Ближе к дому и вдоль всего канала раскинулся симметричный сад из тех, что можно найти возле любого французского замка. В обеих его частях геометрически точным узором расположились усыпанные гравием дорожки и треугольные клумбы с цветочным орнаментом, а вокруг отлично подстриженная изгородь высотой в фут.

С левой стороны росли однолетние растения, а с правой — розы.

Там и сидела Алтея. В самом эпицентре розового сада, приблизительно футах в шестидесяти. Грациозная, раскованная и элегантная поза как на портрете Болдини [24] . Одета для прогулки по саду в широкополую соломенную шляпу и длинный мягкий зеленый шелк.

Все сочеталось между собой. Пиджак с большими четко очерченными пуговицами. Однотонная шелковая туника из органзы под ним. Очень свободные, похожие на пижаму брюки. И даже туфли на низком каблуке. Только шарф от Гермеса, свободно завязанный вокруг шеи Алтеи, добавлял цветов в эту палитру зеленого.

24

Болдини Джованни, итальянский художник (1842–1931).

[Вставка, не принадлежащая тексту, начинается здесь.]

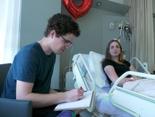 · Met een tekenbord onder zijn arm en een etui met potloden in zijn hand loopt Wouter Goudswaard over de kinderafdeling…

Она не смотрела в сторону Глории, усевшись в удивительно необычное вольтеровское кресло, одно из пары великолепных невероятно больших fauteils a oreilles [25] — музейный экспонат, который уж никак не предназначался для улицы, но его все-таки туда вынесли. Если Алтея и заметила появление невестки, то не подала виду, а продолжала поглаживать Виолетту, свернувшуюся калачиком у нее на коленях. Два других пекинеса грелись на солнышке на двух обитых персиковым бархатом табуретах, такие же ленивые и высокомерные, как кошки. На одной из усыпанных гравием площадок стоял круглый стол, покрытый белой скатертью с приборами для двоих и пара обитых буковых стульев с высокой спинкой.

25

Вольтеровское кресло (фр.).

Алтея давала указания двум садовникам. Оба были в перчатках и держали страшного вида ножницы. По указанию хозяйки они срезали выбранную розу, которая должна была быть в самом расцвете, ни днем больше, ни днем меньше. Потом цветок приносили Алтее и держали так, чтобы она могла внимательно рассмотреть его, и либо одобрительно кивнуть, либо отправить на удобрение легким движением руки.

«Так, начинается, — подумала Глория. — Надо все-таки поздороваться со старым драконом. Посмотрим, чем она будет недовольна на этот раз».

Алтея почувствовала приближение гостьи и отпустила садовников. Один из них взял корзинку с отобранными розами и направился к Дому. Второй поднял корзину побольше с явно забракованными цветами и понес ее к компостной куче.

Глории еще оставалось пройти несколько шагов, когда свекровь повернула голову и окинула ее одним долгим, пристальным взглядом. На лице Алтеи Уинслоу не отразилось ни одобрение, ни порицание.

— Мое дорогое дитя, — пожилая женщина подставила щеку для поцелуя. — Ты почти вовремя.